The drug is already available for the treatment of adults with anaplastic lymphoma kinase (ALK)-positive advanced NSCLC, and was the first ALK inhibitor to win clearance from regulatory authorities in the US, EU, China and Japan.
Approval of the new indication follows a positive opinion issued by the European Medicines Agency’s Committee for Medicinal Products for Human Use earlier this year, and comes after what the firm describes as “compelling results” from a multicenter, single-arm Phase I study (Study 1001) in which patients were given 250mg of Xalkori (crizotinib) orally twice daily.
Data from the study showed that Xalkori exhibited marked anti-tumour activity in patients with ROS1-positive advanced NSCLC, and met its primary endpoint of improved objective response rate. Also, on the safety side, the side-effect profile was “generally consistent” with that seen in patients with ALK-positive advanced NSCLC, according to Pfizer.
Andreas Penk, regional president, International Developed Markets at Pfizer Oncology, said the expanded approval represents “an important milestone” for with limited treatment options.
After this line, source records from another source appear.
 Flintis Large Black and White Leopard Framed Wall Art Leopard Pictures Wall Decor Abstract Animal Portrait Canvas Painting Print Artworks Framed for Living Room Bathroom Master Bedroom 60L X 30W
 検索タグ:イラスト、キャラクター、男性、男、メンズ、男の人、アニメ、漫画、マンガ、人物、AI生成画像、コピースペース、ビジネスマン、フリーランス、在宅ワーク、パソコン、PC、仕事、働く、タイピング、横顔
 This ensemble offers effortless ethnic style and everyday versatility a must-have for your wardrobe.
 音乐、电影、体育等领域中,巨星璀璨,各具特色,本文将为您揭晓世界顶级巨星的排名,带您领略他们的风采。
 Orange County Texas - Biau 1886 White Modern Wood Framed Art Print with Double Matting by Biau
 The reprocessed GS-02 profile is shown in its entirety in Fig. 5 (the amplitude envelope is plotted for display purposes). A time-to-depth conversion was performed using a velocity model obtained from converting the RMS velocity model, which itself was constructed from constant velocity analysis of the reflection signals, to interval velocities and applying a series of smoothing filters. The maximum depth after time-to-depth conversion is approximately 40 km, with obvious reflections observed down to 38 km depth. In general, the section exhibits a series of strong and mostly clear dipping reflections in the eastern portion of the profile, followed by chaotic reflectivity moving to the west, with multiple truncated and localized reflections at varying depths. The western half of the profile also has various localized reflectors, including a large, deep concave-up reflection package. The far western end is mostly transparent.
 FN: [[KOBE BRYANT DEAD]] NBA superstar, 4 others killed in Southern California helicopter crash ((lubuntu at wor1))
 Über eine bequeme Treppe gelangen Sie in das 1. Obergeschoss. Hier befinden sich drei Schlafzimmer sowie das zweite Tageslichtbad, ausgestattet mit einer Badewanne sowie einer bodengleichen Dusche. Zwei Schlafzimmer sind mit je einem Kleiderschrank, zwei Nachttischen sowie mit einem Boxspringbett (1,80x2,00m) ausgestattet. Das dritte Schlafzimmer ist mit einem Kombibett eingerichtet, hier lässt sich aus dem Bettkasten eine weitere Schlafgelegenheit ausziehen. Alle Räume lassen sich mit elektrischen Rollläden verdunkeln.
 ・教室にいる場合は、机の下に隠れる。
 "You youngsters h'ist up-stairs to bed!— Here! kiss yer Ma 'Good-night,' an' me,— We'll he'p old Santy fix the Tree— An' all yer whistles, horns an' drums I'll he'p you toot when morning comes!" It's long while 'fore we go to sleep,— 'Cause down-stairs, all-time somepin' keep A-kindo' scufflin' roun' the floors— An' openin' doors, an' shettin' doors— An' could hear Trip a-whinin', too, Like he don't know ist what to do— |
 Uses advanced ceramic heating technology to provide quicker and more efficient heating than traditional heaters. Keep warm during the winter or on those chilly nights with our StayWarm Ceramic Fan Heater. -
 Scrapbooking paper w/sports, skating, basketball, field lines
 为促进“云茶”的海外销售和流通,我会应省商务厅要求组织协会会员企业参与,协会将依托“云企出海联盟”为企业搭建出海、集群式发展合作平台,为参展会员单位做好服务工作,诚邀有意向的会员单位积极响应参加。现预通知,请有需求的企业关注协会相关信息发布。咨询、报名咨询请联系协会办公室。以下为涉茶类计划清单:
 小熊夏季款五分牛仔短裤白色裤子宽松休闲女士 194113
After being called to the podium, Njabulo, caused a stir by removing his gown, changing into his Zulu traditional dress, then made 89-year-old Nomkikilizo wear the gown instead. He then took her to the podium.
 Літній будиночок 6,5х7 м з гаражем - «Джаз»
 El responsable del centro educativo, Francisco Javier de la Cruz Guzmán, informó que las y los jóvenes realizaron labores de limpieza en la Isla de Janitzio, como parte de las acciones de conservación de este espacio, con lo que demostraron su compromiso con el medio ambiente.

“We now know that NSCLC is not a single disease, but includes a number of molecularly defined tumors with different clinical characteristics and treatment options. With EU approvals in two distinct molecular targets in advanced NSCLC, ROS1 and ALK, Xalkori continues to break new ground and exemplify our commitment to precision drug development and patients.”
The drug is also approved for both patient subsets in the US.